> _WHAT YOU ARE ASKED TO DO_
Omit the images, then repeat the listing exactly.

> _DATA FOR THIS EXERCISE_
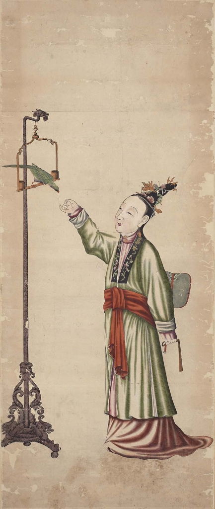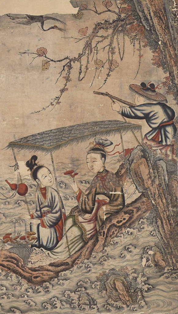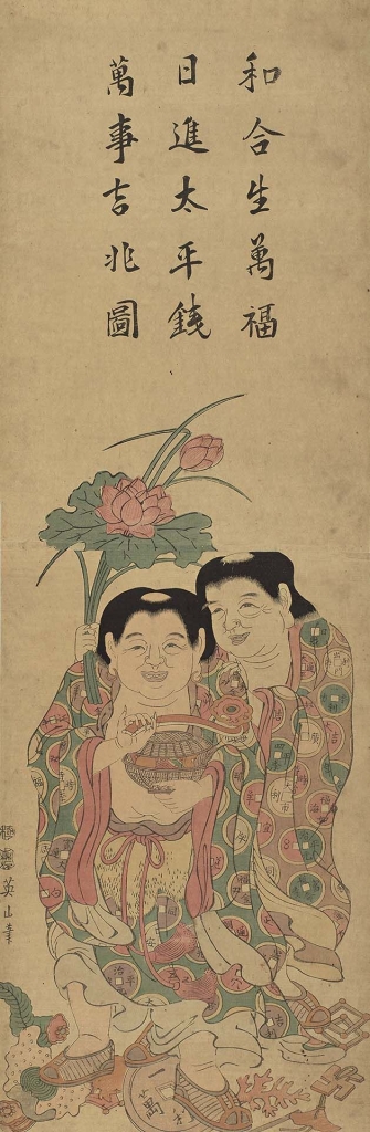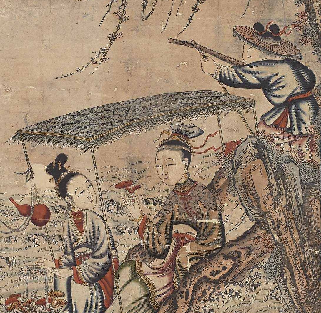 第三部分,展示了描繪人物的作品。清初時,多以宮中高貴女性的優雅生活為主題(圖4,至清末則開始描繪宮廷之外人們的形象。這時期的人物版畫不僅造型美麗,其中多子多孫、出人頭地、富貴長壽等吉祥元素也受到人們的重視。
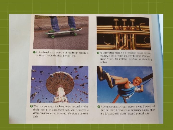 Types of Motion - Scientists believe that all motion is a combination of the following four simple types: 1) Rectilinear motion Ex. A skateboard 2) Alternating motion Ex. A trumpet piston 3) Circular motion Ex. A carrousel or Ferris wheel 4) Oscillatory motion (back & forth around a central point) Ex. A swing
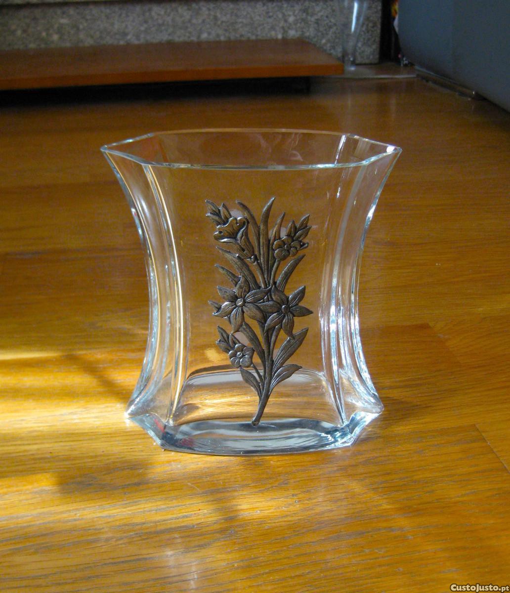 Jarra de Cristal com Ramo de Flores em Prata Incrustado
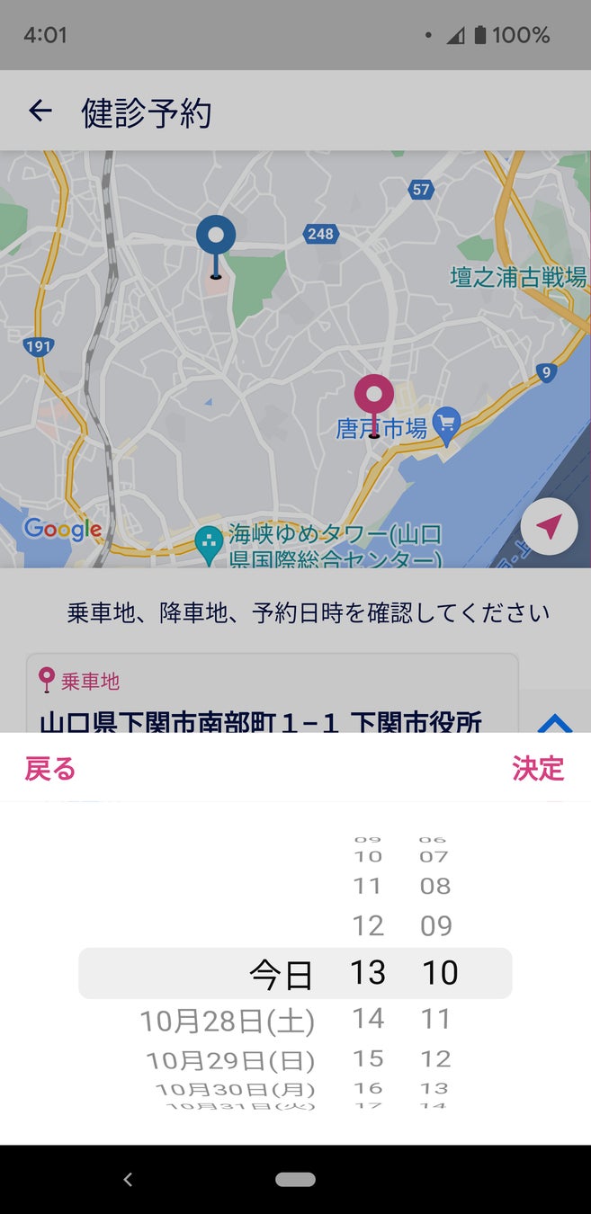 事前登録したお迎え場所「自宅などの居所」と送り先「かかりつけの医療機関」が自動で設定され、1週間先までの日時指定予約ができます。
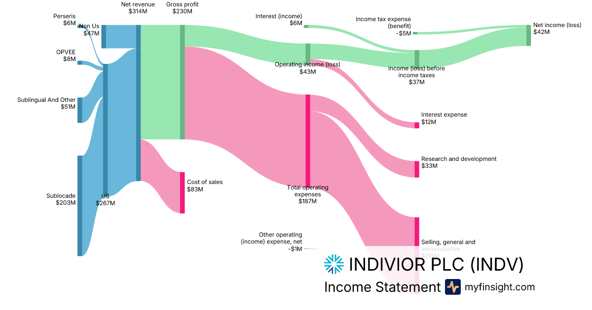 For the quarter ending 2025-09-30, INDV made $314,000K in revenue. $42,000K in net income. Net profit margin of 13.38%.
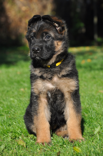 Aktīva, vesela un ļoti azartiska 3 mēnešus veca Vācu aitu suņu meitene gaida
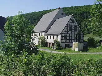 Das ehemalige Mühlhaus, ein zweigeschossiger Satteldachbau mit einem Anbau gleicher Bauart mit geringerer Firsthöhe, ist mit 1833 bezeichnet. Ein Nebengebäude, ein erdgeschossiger Satteldachbau, ist mit 1788 bezeichnet. Die Gebäude gelten als Denkmal.[12]
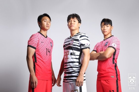 축구대표팀 새 유니폼을 입은 백승호, 권창훈, 황희찬(왼쪽부터). [사진 대한축구협회] 파울루 벤투(포르투갈) 감독이 이끄는 한국축구대표팀이 국제축구연맹(FIFA) 랭킹 38위로 올라섰다. 두 달 연속 순위를 끌어올렸다.
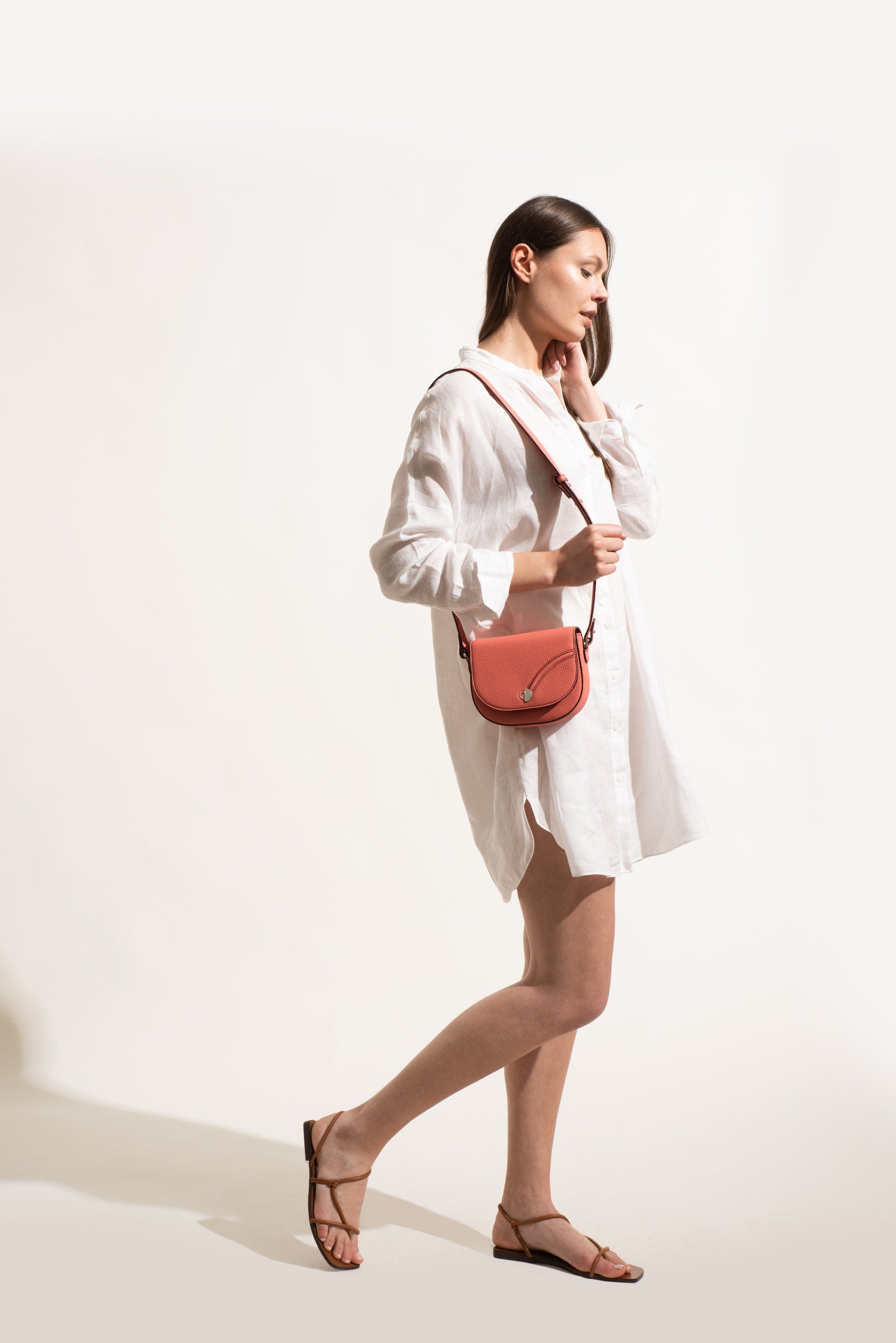 Ippolita is a crossbody bag crafted by Chiara Daverio in Milan, Lombardy. Compact yet very chic, Ippolita's flap opening allows easy access to your essentials while keeping them secure. Its lightweight structure is thanks to innovative leather tanning and production techniques. Wear this elegant crossbody for a fancy night out or casual afternoon in!

> _REPLY_
 第三部分,展示了描繪人物的作品。清初時,多以宮中高貴女性的優雅生活為主題(圖4,至清末則開始描繪宮廷之外人們的形象。這時期的人物版畫不僅造型美麗,其中多子多孫、出人頭地、富貴長壽等吉祥元素也受到人們的重視。
 Types of Motion - Scientists believe that all motion is a combination of the following four simple types: 1) Rectilinear motion Ex. A skateboard 2) Alternating motion Ex. A trumpet piston 3) Circular motion Ex. A carrousel or Ferris wheel 4) Oscillatory motion (back & forth around a central point) Ex. A swing
 Jarra de Cristal com Ramo de Flores em Prata Incrustado
 事前登録したお迎え場所「自宅などの居所」と送り先「かかりつけの医療機関」が自動で設定され、1週間先までの日時指定予約ができます。
 For the quarter ending 2025-09-30, INDV made $314,000K in revenue. $42,000K in net income. Net profit margin of 13.38%.
 Aktīva, vesela un ļoti azartiska 3 mēnešus veca Vācu aitu suņu meitene gaida
 Das ehemalige Mühlhaus, ein zweigeschossiger Satteldachbau mit einem Anbau gleicher Bauart mit geringerer Firsthöhe, ist mit 1833 bezeichnet. Ein Nebengebäude, ein erdgeschossiger Satteldachbau, ist mit 1788 bezeichnet. Die Gebäude gelten als Denkmal.[12]
 축구대표팀 새 유니폼을 입은 백승호, 권창훈, 황희찬(왼쪽부터). [사진 대한축구협회] 파울루 벤투(포르투갈) 감독이 이끄는 한국축구대표팀이 국제축구연맹(FIFA) 랭킹 38위로 올라섰다. 두 달 연속 순위를 끌어올렸다.
 Ippolita is a crossbody bag crafted by Chiara Daverio in Milan, Lombardy. Compact yet very chic, Ippolita's flap opening allows easy access to your essentials while keeping them secure. Its lightweight structure is thanks to innovative leather tanning and production techniques. Wear this elegant crossbody for a fancy night out or casual afternoon in!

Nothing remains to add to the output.